Another $1 trillion of debt must be issued this year to fund the current year's spending needs in excess of revenues. In addition, almost $6 trillion of the federal government's debt held by the public must be refinanced in the next five years. As of April 2, there is almost $11 trillion of debt owed to the public (that includes individuals, institutions (mutual funds, insurance companies etc) and foreign governments (China, Japan etc). Another $4.7 trillion is composed of intragovernmental obligations to Social Security and other government entities.
This means that over the next five years the federal government will have to find a way to sell in excess of $10 trillion of debt obligations to the public.
The current average interest rate on all federal debt right now is just 2.2%.
Let's put that in perspective.
In fiscal 2011, the U.S. had net interest expense of $230 billion on its federal debt outstanding of almost $15 trillion. In 1997, when federal debt was less than $5 trillion, net interest costs were $232 billion. Therefore, despite the fact that fedeal debt has increased over 3-fold in the last 15 years, the federal government paid less in interest costs in 2011than it did in 1997 due to these extraordinarily low borrowing costs.
An increase in average interest rates to the level of 1997 (around 5.8%) would add almost $500 billion in additional interest costs to the federal budget! To be fair, some of this would inure to the benefit of the Social Security Trust Fund and other intragovernmental funds. However, the net cost is almost $90 billion for each 1% increase in net interest costs.
Let's put that number in perspective.
In 2011, the federal government collected just slightly over $1 trillion in indvidual income taxes. Therefore, a $500 billion increase in the federal budget to fund increased interest costs on the federal debt would require a 50% across the board increase in income taxes. Alternatively, if these costs had to covered by reducing spending, it would require the elimination of all Medicare spending ($555 billion in 2012) or all Discretionary Spending ($528 billion in 2012).
Why haven't we seen interest rates already start to increase? First, Europe's problems have been receiving all of the attention so we have not had to deal with the heavy glare of the world's capital markets while the Euro debt crisis melodrama plays out. Second, the Federal Reserve is buying up almost all of the debt by printing money. In 2011, the Fed purchased 61% of all federal debt. This is simply not sustainable. Even worse, this level of debt purchased is masking the reduced demand for our debt and is also delaying the inevitable day of reckoning. We have been getting a free ride but the day is coming where we are going to be charged the full fare (and more).
Caroline Baum, a columnist for Bloomberg News, summarizes the issue very nicely in "Four Numbers Add Up to a American Debt Disaster".
She sees a major problem with the short duration of the Treasury debt. In fact, only 10 percent of federal debt matures beyond a decade from now.
The U.S. is more dependent on short- term funding than many of Europe’s highly indebted countries, including Greece, Spain and Portugal, according to Lawrence Goodman, president of the Center for Financial Stability, a non- partisan New York think tank focusing on financial markets.
The U.S. may have had a lot more debt in relation to the size of its economy following World War II, but the structure was much more favorable, with 41 percent maturing in less than five years, 31 percent in five-to-10 years and 21 percent in 10 years or more, according to CFS data. Today, only 10 percent of the public debt matures outside of a decade.We hear some liberal economists argue that the current ability to borrow so much at 2 percent interest rates means that we should be doing even more stimulus spending. However, the funny thing about the access to credit is that it can literally dry up in the blink of an eye. There is nothing more dangerous than borrowing short term while using the money for long term commitments. This is exactly how we are financing the federal government right now. Baum says it succinctly.

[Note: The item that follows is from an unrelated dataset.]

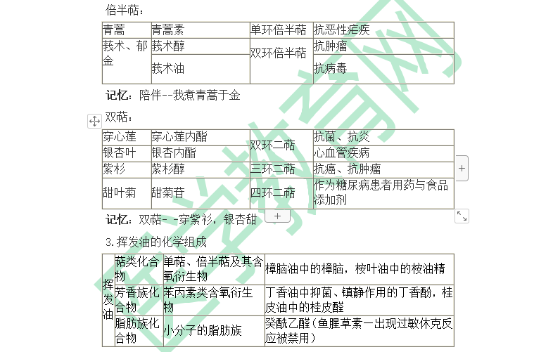 萜類與揮發(fā)油的考查點不多,集中在結(jié)構(gòu)特點上,注意重點復習。

So the next time you hear someone say the Treasury can borrow all it wants at 2 percent, tell him, that’s true -- until it can’t.
We would also be wise to consider some thoughts on debt by our first President.

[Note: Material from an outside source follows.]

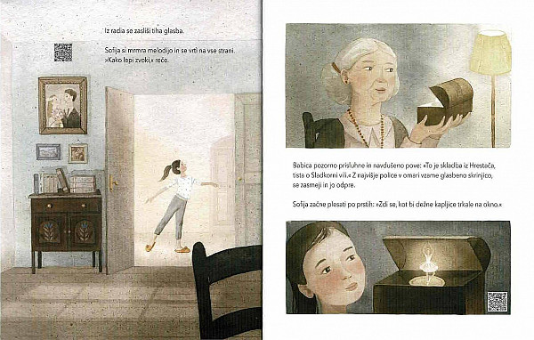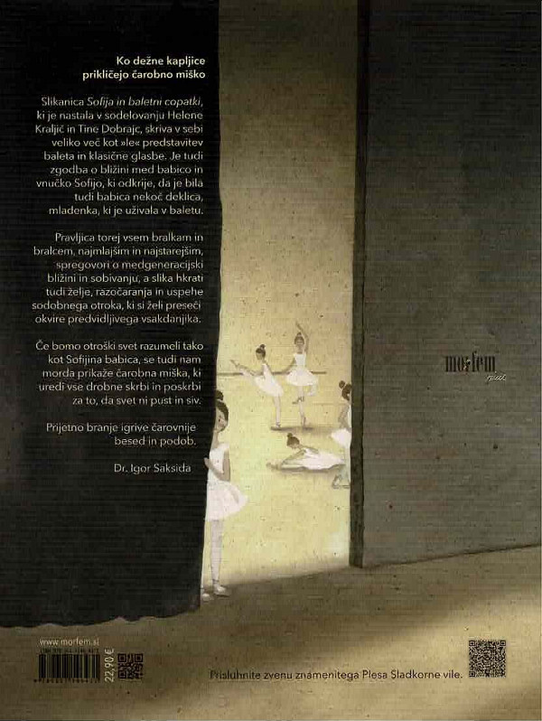 Čarobna skladnost likovne mojstrije in izbrane pripovedne lege nas ogovori s sirenskim zvokom, ki z odmerjenim občutkom za ritem vzhaja v slovesno zvenenje. Slikanica Sofija in baletni copatki se prikloni baletni umetnosti, glasbi in bližini. Pozorni bralec ne bo spregledal QR kode, ki v štirih prizorih prikliče čudovito tajinstven zven znamenitega Plesa Sladkorne vile.

"There is no practice more dangerous than that of borrowing money; for when money can be had in this way,' repayment is seldom thought of in time, the interest becomes a moth, exertions to raise it by dent of industry ceases, it comes easy and is spent freely, and many things [are] indulged in that would never be thought of if [they were] to be purchased by the sweat of the brow.... in the mean time the debt is accumulating like a snow ball in rolling."
-George Washington in a letter to his nephew, Samuel Washington, Mount Vernon, 12 July, 1797
"To contract new debts is not the way to pay old ones."
-George Washington in a letter to James Welch, Apr. 7, 1799
Thanks, George. However, thinking about the interest costs that are building on our national debt should cause all of us a lot of insomnia.